- **YOUR TASK**
Go through the listing below, and from the line containing "Для тих, хто" through its last line, transcribe every line exactly, skipping pictures.

···

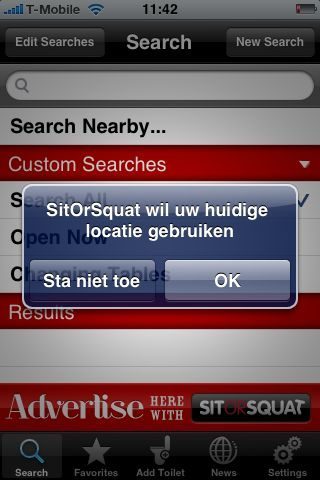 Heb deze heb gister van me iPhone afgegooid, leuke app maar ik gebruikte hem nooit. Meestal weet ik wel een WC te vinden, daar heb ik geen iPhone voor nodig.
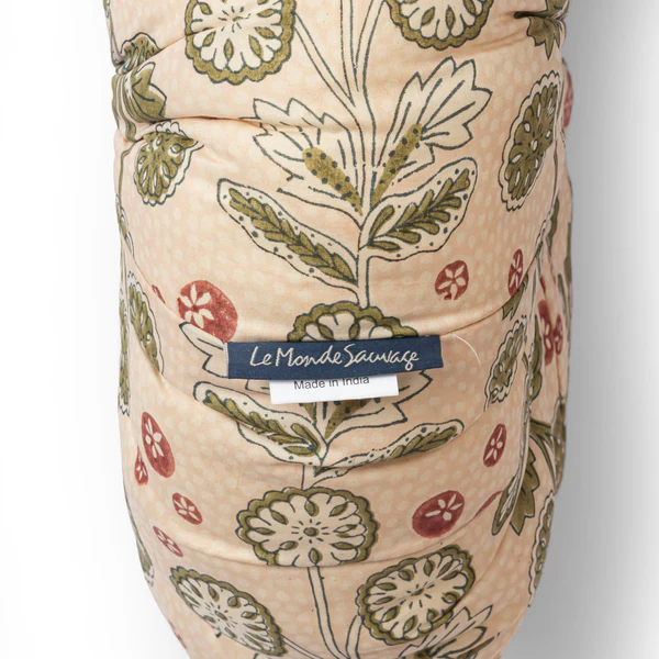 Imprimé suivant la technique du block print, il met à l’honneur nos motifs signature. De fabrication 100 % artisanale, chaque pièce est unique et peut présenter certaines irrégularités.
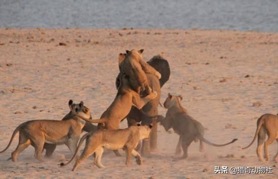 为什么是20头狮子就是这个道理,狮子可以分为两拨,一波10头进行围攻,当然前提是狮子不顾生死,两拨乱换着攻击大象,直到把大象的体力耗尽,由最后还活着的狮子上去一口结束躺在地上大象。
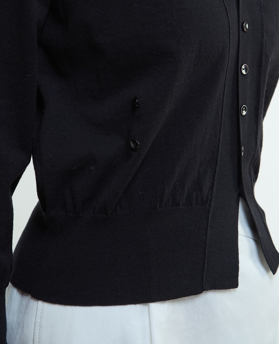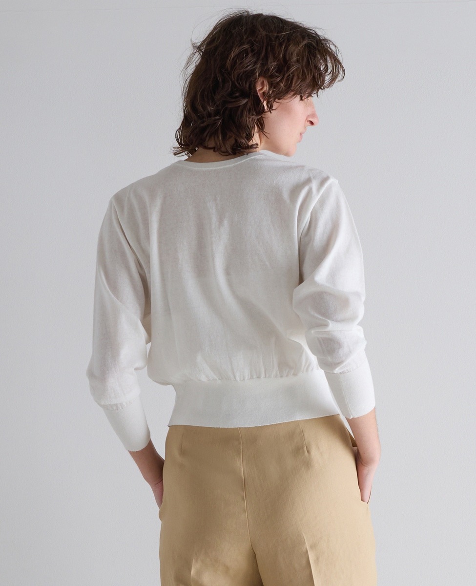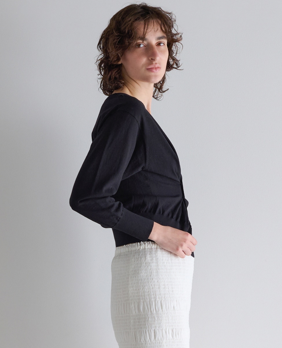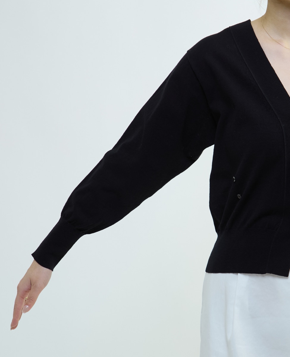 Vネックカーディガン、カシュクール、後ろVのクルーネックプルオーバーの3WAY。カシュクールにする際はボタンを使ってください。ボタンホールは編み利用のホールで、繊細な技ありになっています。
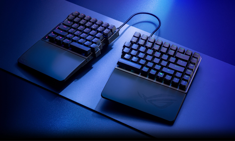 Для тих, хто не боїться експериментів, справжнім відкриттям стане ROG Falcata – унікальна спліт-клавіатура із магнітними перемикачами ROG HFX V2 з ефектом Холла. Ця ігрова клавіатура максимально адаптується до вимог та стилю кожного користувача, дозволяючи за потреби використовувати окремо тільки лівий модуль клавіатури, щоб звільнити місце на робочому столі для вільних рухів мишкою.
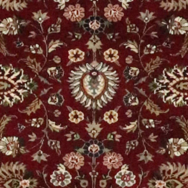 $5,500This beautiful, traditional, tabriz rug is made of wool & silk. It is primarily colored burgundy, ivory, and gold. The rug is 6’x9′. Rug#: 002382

···

- **RESULT BELOW**
 Для тих, хто не боїться експериментів, справжнім відкриттям стане ROG Falcata – унікальна спліт-клавіатура із магнітними перемикачами ROG HFX V2 з ефектом Холла. Ця ігрова клавіатура максимально адаптується до вимог та стилю кожного користувача, дозволяючи за потреби використовувати окремо тільки лівий модуль клавіатури, щоб звільнити місце на робочому столі для вільних рухів мишкою.
 $5,500This beautiful, traditional, tabriz rug is made of wool & silk. It is primarily colored burgundy, ivory, and gold. The rug is 6’x9′. Rug#: 002382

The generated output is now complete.